We are coming up on the five year mark. Hard to believe, so grateful to God and all others who helped us through Parker's illness and the struggles in the years that followed. We are basking in the Light and moving on. Not without challenges, not without residual effects for all of us, not without haunting memories. But we are now living in that bright future we only dreamed about before.


"Lord, purge our eyes to see
Within the seed a tree,
Within the glowing egg a bird,
Within the shroud a butterfly,
'Til taught by such we see,
Beyond all creatures, Thee . . .

~ Christina G. Rossetti

Thursday, March 10, 2011

Two Years Ago Today

Two years. We will never forget.

Sunday, February 6, 2011

Happy New Year!

It was a year ago today that Parker had his last surgery. A year feels a whole lot longer than a day, or a week, or a month.  It is a far greater milestone. It represents 365 days of success, 365 days to put this behind us and look ahead.

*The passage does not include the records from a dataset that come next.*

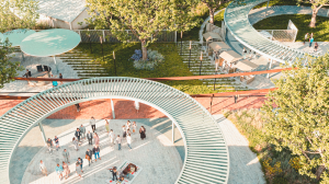 La propuesta organiza un recorrido que vincula todas las preexistencias y programas nuevos, generando un hilo narrativo que acompaña la experiencia del usuario. Caminar por el parque se convierte así en un acto de descubrimiento: el visitante reconoce las huellas ferroviarias, atraviesa espacios de encuentro, observa el paisaje desde el mirador, participa de actividades culturales en la casa de la esquina o disfruta de talleres en la plazoleta para las infancias. La propuesta no se limita a configurar un espacio verde, sino que ofrece un guion urbano donde cada pieza cobra un rol específico en la construcción de la memoria colectiva.
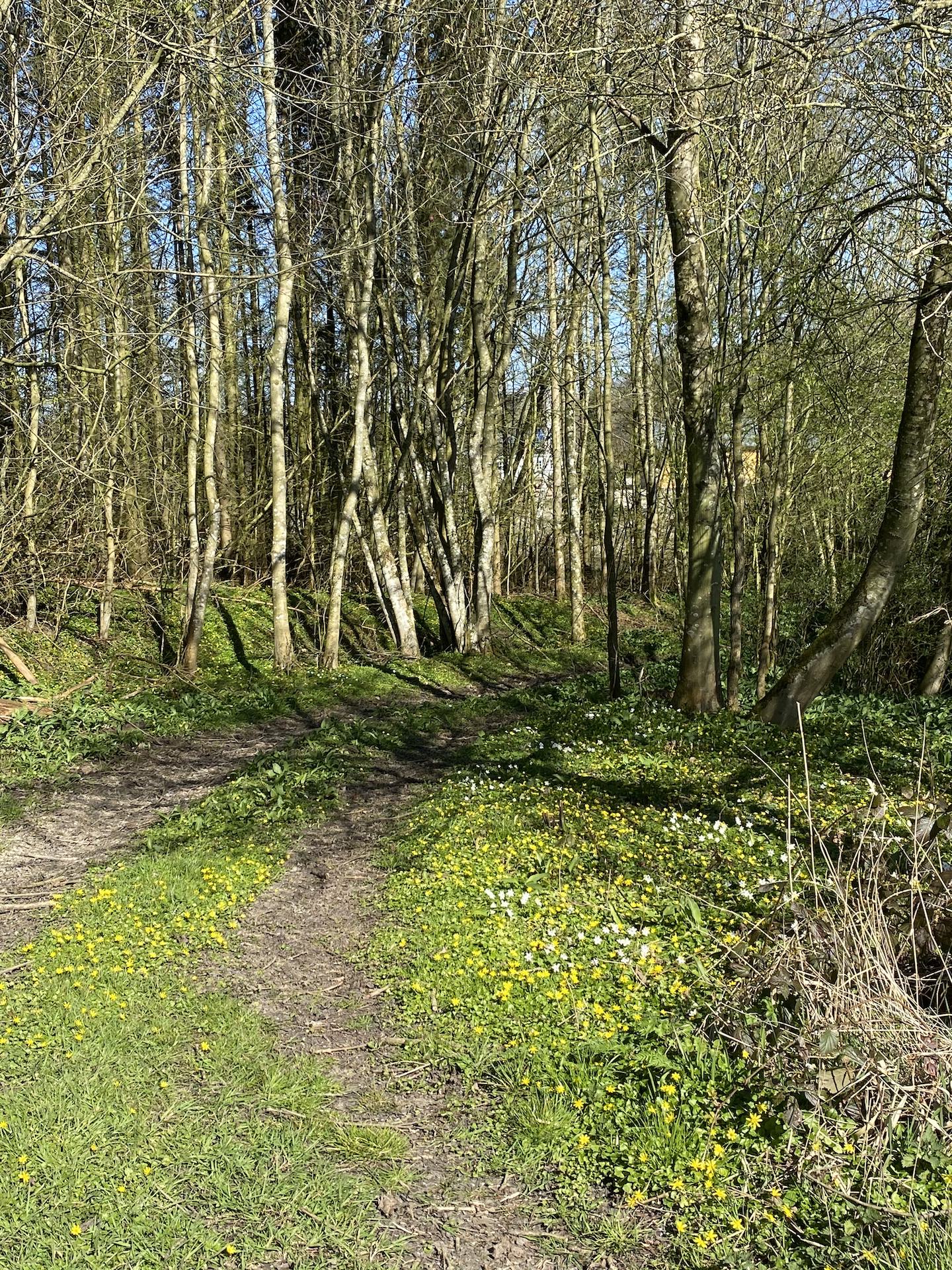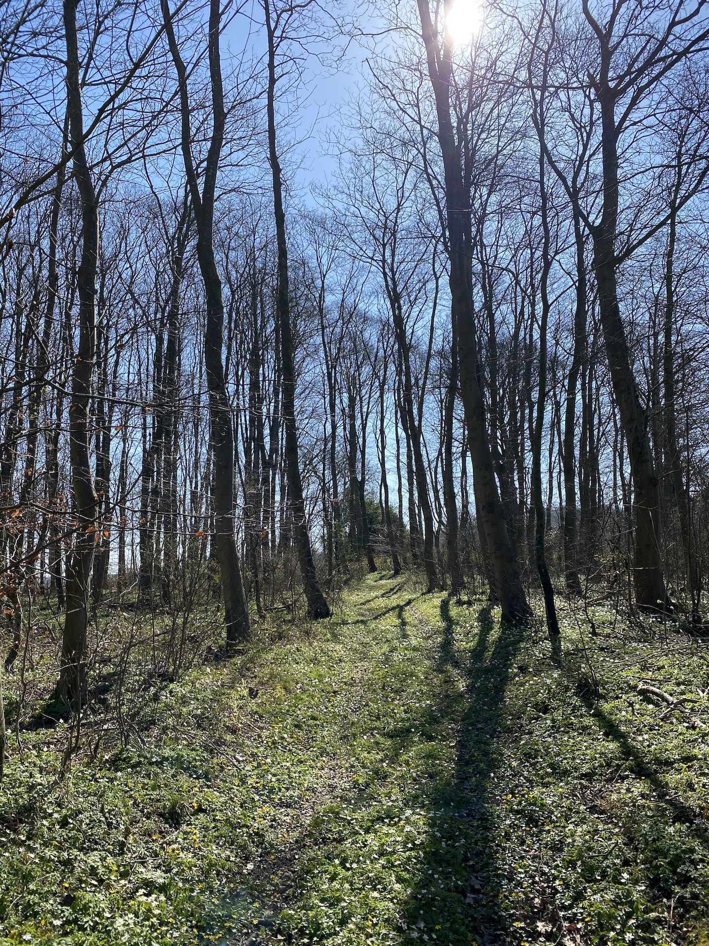Lige efter møllen ligger et smukt lille skovstykke, hvor skovbunden netop nu er dækket af den smukkeste dyne af hvide anemoner. Denne del er ikke et stykke af den officielle rute, men absolut en lille afstikker værd.
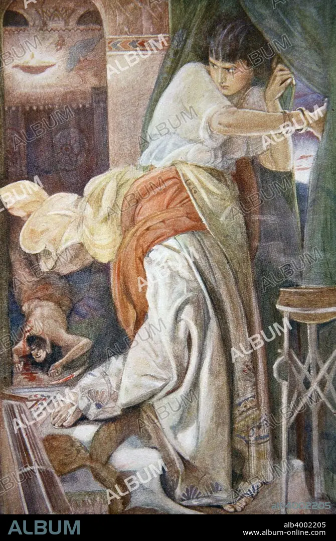 Caption: 'The Murder of Setapo', 1916. Setapo was a wealthy and evil man of Babylon who was murdered by Sinonis. Illustration from Myths and Legends of Babylonia and Assyria by Lewis Spence, 1916.
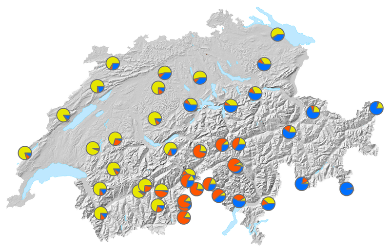 Fig. 3: Proporzioni dei tre gruppi di discendenza genetica presenti nei popolamenti svizzeri di abete bianco. Il gruppo occidentale (giallo) è probabilmente arrivato in Svizzera dalla Francia, quello orientale (blu) dai Balcani e quello meridionale (rosso) dall'Appennino settentrionale. Dati tratti da Folly e Gugerli 2013; Kramer 2020. grafico: WSL/Swisstopo
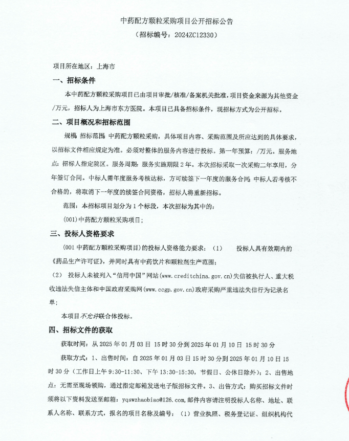【上海市东方医院】上海市东方医院中药配方颗粒采购项目公开招标公告
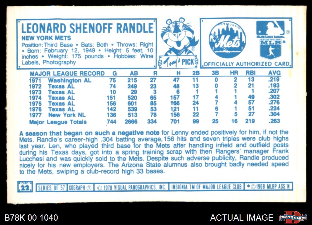 1978 Kellogg's #22 Lenny Randle 5 - EX
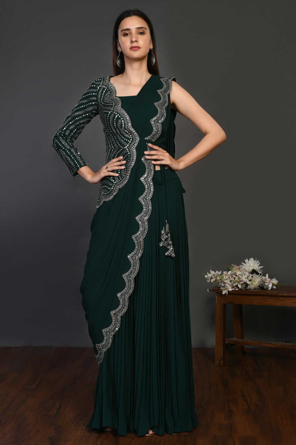 जॉर्जेट प्री-ड्रेप्ड पलाज़ो साड़ी सेट
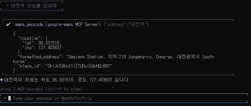 대전역 좌표를 물어보았다.
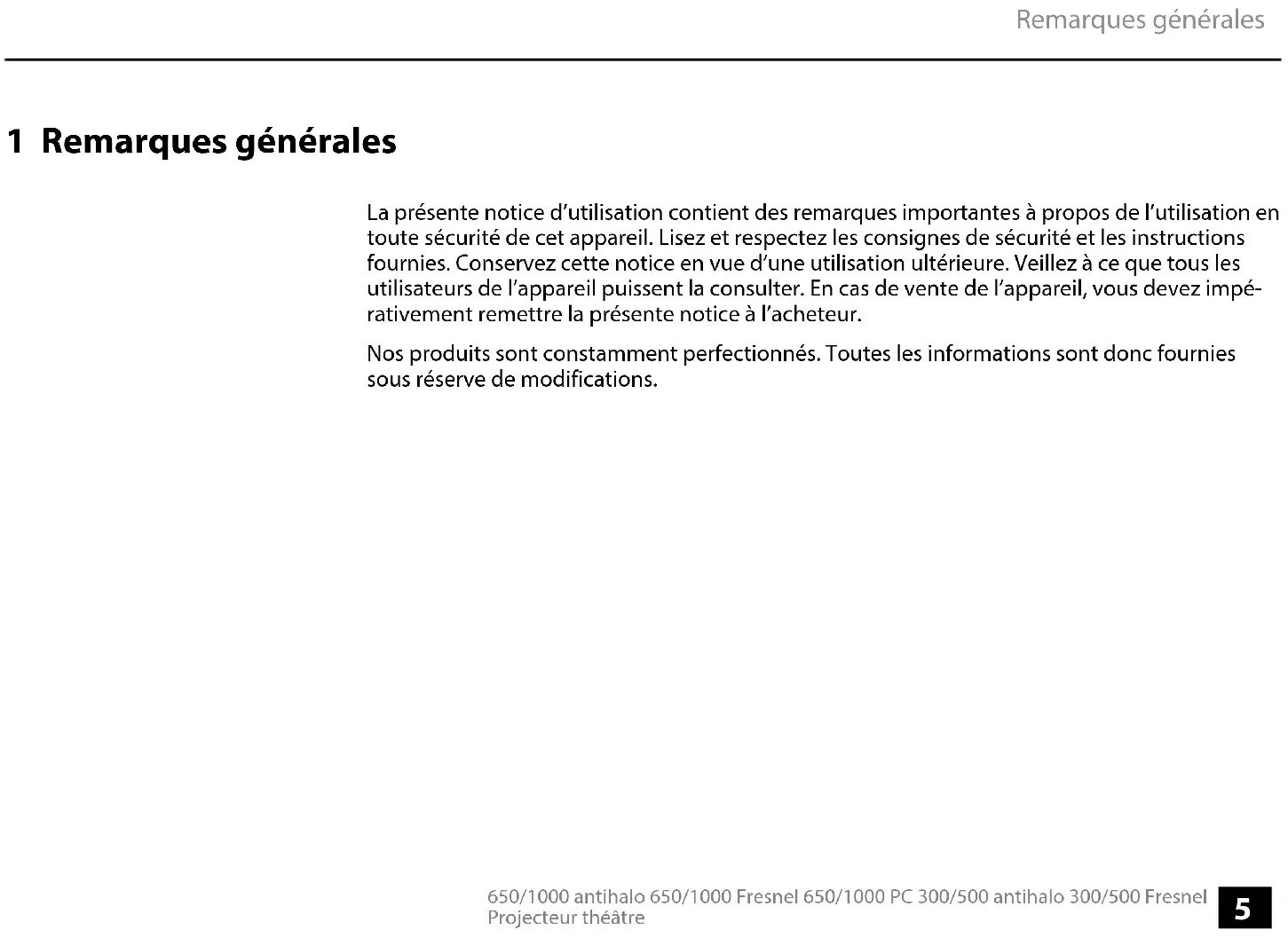 650/1000 antihalo 650/1000 Fresnel 650/1000 PC 300/500 antihalo 300/500 Fresnel Projecteur théâtreAVERTISSEMENT ! Risque de blessures par la chute de l’appareil Assurez-vous que le montage est conforme aux normes et consignes en vigueur dans votre pays. Sécurisez toujours l’appareil à l’aide d’une seconde fixation, par exemple un câble d’arrêt de sécurité ou une chaîne de sécurité. Sécurisez le volet réglable après le montage par un câble de sécurité au projec- teur. Le câble de sécurité doit cheminer en dehors du volet réglable et ne doit pas affecter la sortie du lumière. REMARQUE ! Risque d’incendie Ne recouvrez jamais les fentes d’aération. Ne montez pas l’appareil à proximité directe d’une source de chaleur. Tenez l’appareil éloigné des flammes nues. Consignes de sécurité 650/1000 antihalo 650/1000 Fresnel 650/1000 PC 300/500 antihalo 300/500 Fresnel
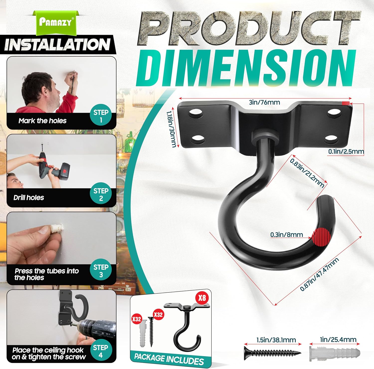 - [Easy To Install & Use] These ceiling hooks are simple to install; just drill holes in the wall, install expansion screws, and tighten the screws after installing the hooks. It can be assembled on the ceiling, brick, wood, and concrete walls, providing a perfect solution for hanging a range of items, including bird feeders, lanterns, plants, or decorations, making it a versatile accessory for any outdoor space. PACKAGE INCLUDES: 8 Ceiling hooks, 32 screws, and 32 expansion tubes.
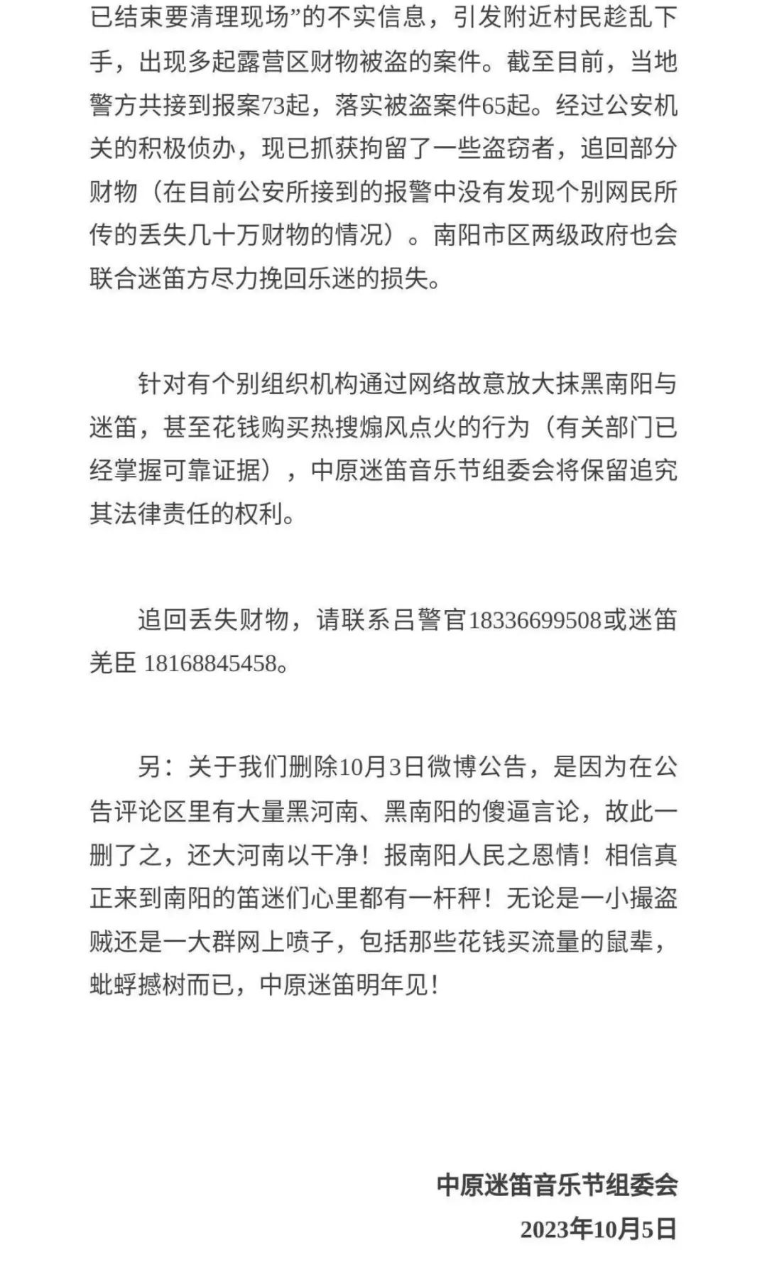 通告前半部分还正常,解释了陈某发布“活动已结束要清理现场”的不实信息,引发了村民趁乱下手,并报告了报案与落实情况。后半部分画风突变,其文曰:“删除10月3日微博公告,是因为在公告评论区有大量黑河南、黑南阳的傻逼言论,故此一删了之,还大河南以干净!报南阳人民之恩情!”
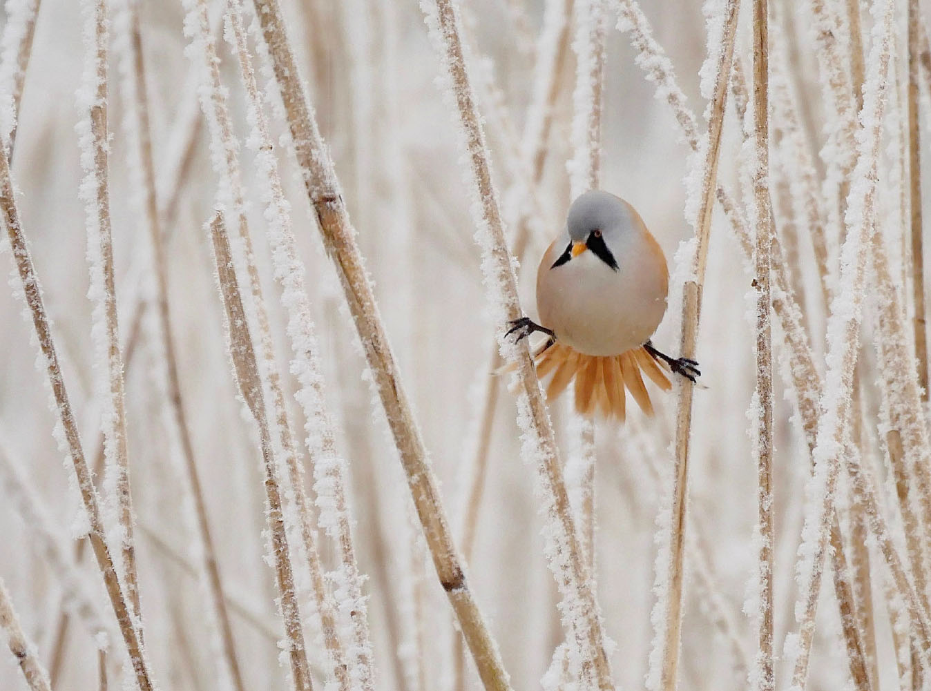 Met zonnig en windstil weer heb je de beste kans om ze te zien. Ik wilde ze graag in een winterse omgeving vastleggen. Hoewel ik een hekel heb aan kou, ging ik op een echte winterdag toch naar de Rietputten. De baardmannetjes vlogen heen en weer tussen een lager gelegen veld en de rietpluimen, waar ik stond te wachten om ze te kunnen fotograferen. Na zo’n anderhalf uur koukleumen kwamen ze hoog in het riet zitten en kon ik deze foto maken.”
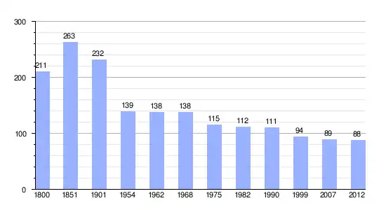 | Gráfica de evolución demográfica de Bustince-Iriberry entre 1800 y 2012 |
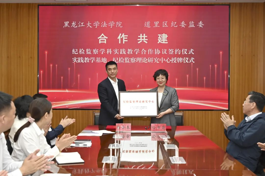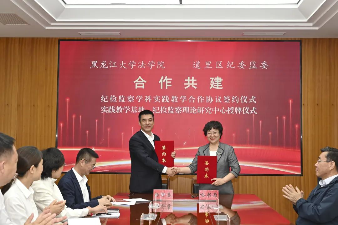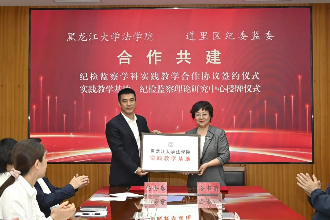 与哈尔滨市道里区纪委监委在道里区纪委监委举行实践教学基地签约仪式并揭牌。每日大赛
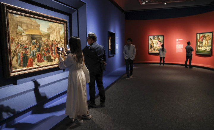 4月27日,中国好意思术馆,嘉宾在不雅赏波提切利木板蛋彩画《三博士来朝》等作品。新京报记者浦峰摄
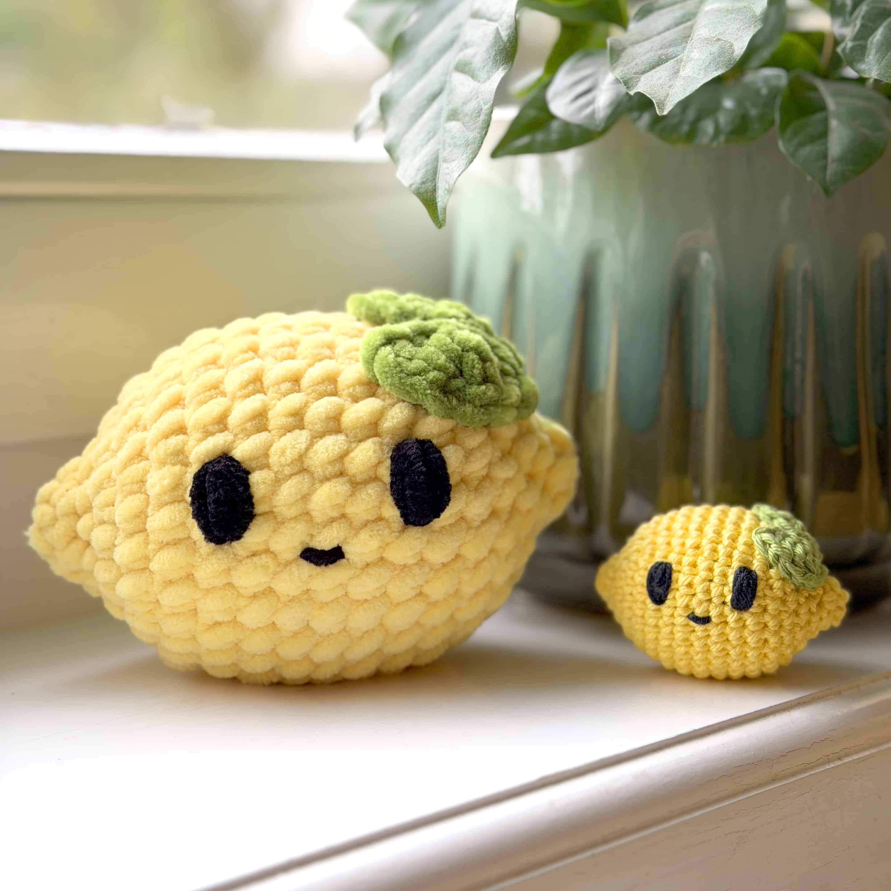 Crochet a cute mini lemon with this free lemon crochet pattern for beginners, including full video to help you with every step. Use cotton yarn to make a lemon keychain or thicker plush yarn to create a bigger plushie lemon. The pattern is suitable for any yarn. There are many more food patterns on the DIY Fluffies blog.
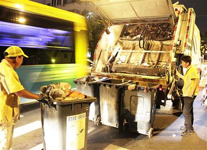 9月18日晚8時許,唐前和將裝有廚餘垃圾的綠色垃圾桶和裝有其它垃圾(jī)的灰色垃圾桶分別推到馬路兩側,一輛垃圾收運車將灰色垃圾桶的垃圾運走,大(dà)約一個小時後,運輸廚餘垃圾的車輛將路邊(biān)綠色垃圾桶的垃圾運走。隨後,唐前和再將空桶推回到各個居民樓下(xià)。
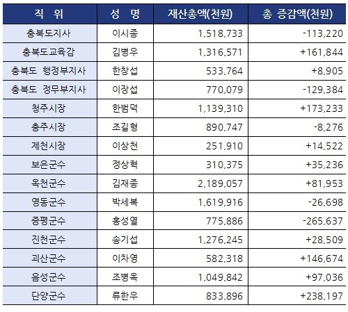 단체장 중 8명이 재산이 늘었으며 한범덕 청주시장과 김재종 옥천군수, 이차영 괴산군수, 류한우 단양군수가 1억 원 이상 재산이 늘어난 것으로 확인됐다.
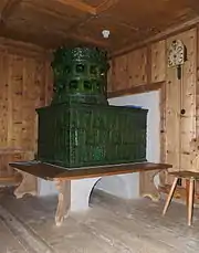 Green tiled stove in the Lukas-Tschofen-Stube in Gaschurn

Tomorrow we might wake up with a greater sense of relief. We will never be too far from wary, but maybe it will begin to come with a gentler touch.

Rest for the weary.

I love you boys. Happy New Year!

Sunday, November 14, 2010

Happy Day to My Beautiful Sons

November 14, 2010

Parker turns twenty-seven today. 

I am struggling to find the words to express how grateful I am for this seemingly ordinary milestone. As a writer, this should be easy. But the days when more birthdays were uncertain are not so far behind us,  and still prey on our minds.

Although some of the emotional effects of his illness linger, Parker has begun a new life, full of hope and possibility. We know it could have been the other way, and for that we are eternally grateful. 

Lord, purge our eyes to see / Within the seed a tree, 
Within the glowing egg a bird / Within the shroud a butterfly:
Till taught by such, we see / Beyond all creatures, Thee.

Happy Day to my two beautiful sons, Parker and James.